Later, when we were in the hospital cafeteria, waiting for the papers
so we could take our parents back to Barcelona, he said that it was all because
of the calcination. He said that the crash must have caused an explosion, and
the explosion would have produced a fireball hot enough to fuse the hands of our
deceased progenitors.

“They would have had to use a saw to separate them.”

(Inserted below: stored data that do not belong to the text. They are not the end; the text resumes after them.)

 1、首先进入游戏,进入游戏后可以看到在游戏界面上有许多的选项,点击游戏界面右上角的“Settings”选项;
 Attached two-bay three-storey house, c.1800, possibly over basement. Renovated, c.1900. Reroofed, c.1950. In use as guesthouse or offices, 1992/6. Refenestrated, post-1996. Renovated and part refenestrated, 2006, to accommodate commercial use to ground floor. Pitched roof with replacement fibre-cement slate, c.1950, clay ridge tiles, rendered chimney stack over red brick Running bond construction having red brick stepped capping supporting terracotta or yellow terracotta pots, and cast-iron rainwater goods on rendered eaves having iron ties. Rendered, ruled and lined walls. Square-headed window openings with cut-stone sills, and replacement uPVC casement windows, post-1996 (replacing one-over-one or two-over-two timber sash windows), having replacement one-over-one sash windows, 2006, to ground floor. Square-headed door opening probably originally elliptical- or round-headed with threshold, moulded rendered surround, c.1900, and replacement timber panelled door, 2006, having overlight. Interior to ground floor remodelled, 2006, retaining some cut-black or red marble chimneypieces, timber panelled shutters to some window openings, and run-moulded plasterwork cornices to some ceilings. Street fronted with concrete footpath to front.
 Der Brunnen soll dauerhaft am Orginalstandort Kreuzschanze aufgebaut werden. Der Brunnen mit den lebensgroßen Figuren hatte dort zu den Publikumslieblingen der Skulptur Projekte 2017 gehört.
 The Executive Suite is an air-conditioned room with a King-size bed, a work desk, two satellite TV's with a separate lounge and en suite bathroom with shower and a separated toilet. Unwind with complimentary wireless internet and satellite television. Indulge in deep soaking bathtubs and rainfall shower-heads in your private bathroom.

He said this in a cold, offhand way, but I knew that my brother was
suffering as he had never suffered before. So when he started going out with
Montse García a few months later, I think one night I even prayed that he’d
sleep with her and that they’d form some kind of lasting relationship. But what
happened is that Montse, who had seemed keen before she went out with him,
gradually cooled off and then she got bitter, and by the time they broke up
sixty days later, she was treating me as an enemy, as if I were to blame for the
disappointments of her short-lived romance. When she finally decided to break it
off, our relationship improved markedly for a few days, and I even thought that
we could go back to being good friends like before. But Enric’s shadow kept
coming between us whenever I tried to get close to her again.

“It can’t be healthy to spend all day at the gym. Why would a guy want
muscles like that, anyway? It isn’t normal,” she said to me one day.

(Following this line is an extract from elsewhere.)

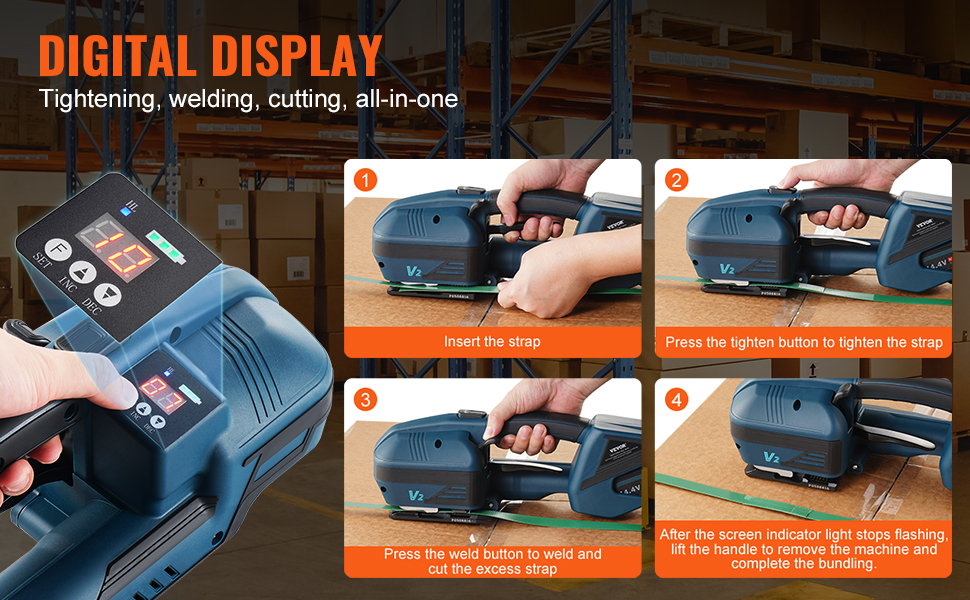 Easy to Use: This smart strapping machine comes with a digital display for super easy operation. One-button start, quick positioning, and intelligent sensing make strapping a breeze. You can adjust it to fit different sizes and shapes of goods, making your work easier and more fun.

“He also reads the Pre-Socratic philosophers,” I replied.

“Like I said, your brother’s not right in the head. You be careful.
One night you might find him in your room with a knife, about to cut your
throat.”

“My brother is a kind person; he wouldn’t hurt anyone.”

“You’re an idiot, Marta,” she said, and that was the end of our
friendship.

From then on, we only spoke to each other when it was strictly
necessary for work: Pass me some clips, can I have the dryer, can you get that
color down?

What a pity.

II.

One night my brother turned up with Tomé and Florencio. He’d
never invited anyone home: not when our parents were alive, and not in the
months since they died. At first I thought they were two friends from the gym
but I only had to take a second look to realize that these guys didn’t work
out.

“They’ll be staying here tonight,” my brother said in the kitchen. We
were getting dinner ready, and Florencio and Tomé were channel-surfing in the
living room.

“Where?” I said. It’s a small flat, and there’s no guest room.

“In Mom and Dad’s bedroom,” he said, looking away.

He must have been expecting me to protest, but I thought it was a good
idea, though maybe I was a bit surprised that I hadn’t come up with it myself.
Of course: our parents’ empty bedroom. That was fine by me. I asked him who they
were, where he’d met them, what they did.

“At the gym. They’re South Americans.”

We had salad and grilled steak for dinner.

Florencio and Tomé looked like they were nearly thirty, but I
knew they’d look like that until they were fifty. They were hungry and they
sampled every concoction my brother laid out on the table. I don’t know if they
were aware of the immense honor he was doing them, putting his stock of
supplements at their disposal. I asked them if they were bodybuilders too.

“We do fitness training,” said Tomé.

“Do you know what that is?” asked Florencio.

I don’t like people thinking I’m stupid. Or ignorant, which is
worse.

“Of course I know what it is; my brother’s been going to the gym since
he was sixteen,” I said, and immediately wished I’d kept my mouth shut.

Florencio and Tomé laughed in unison, and then my brother laughed as
well. I asked them what was so funny. My brother looked at me, lost for words,
with an expression of utter bewilderment, but also of happiness, on his
face.

“Feisty, aren’t you?” said Florencio.

“Very feisty,” said Tomé.

“She’s always had a strong character, my sister,” said Enric.

“And you’ve worked all this out from what I said about fitness
training?”

“From the way you said it. Looking me in the eye. Sure of yourself,”
said Florencio.

“If I had my tarot pack here, I’d do a reading for you,” said
Tomé.

“So you do fitness training and tarot readings?”

“And a few other things as well,” said Tomé.

Florencio and my brother laughed again. But in my brother’s case it
was, I realized, nervous rather than happy laughter. He was worried, although he
was trying to hide it. The two South Americans, however, seemed relaxed, as if
they were used to sleeping in a different house every night.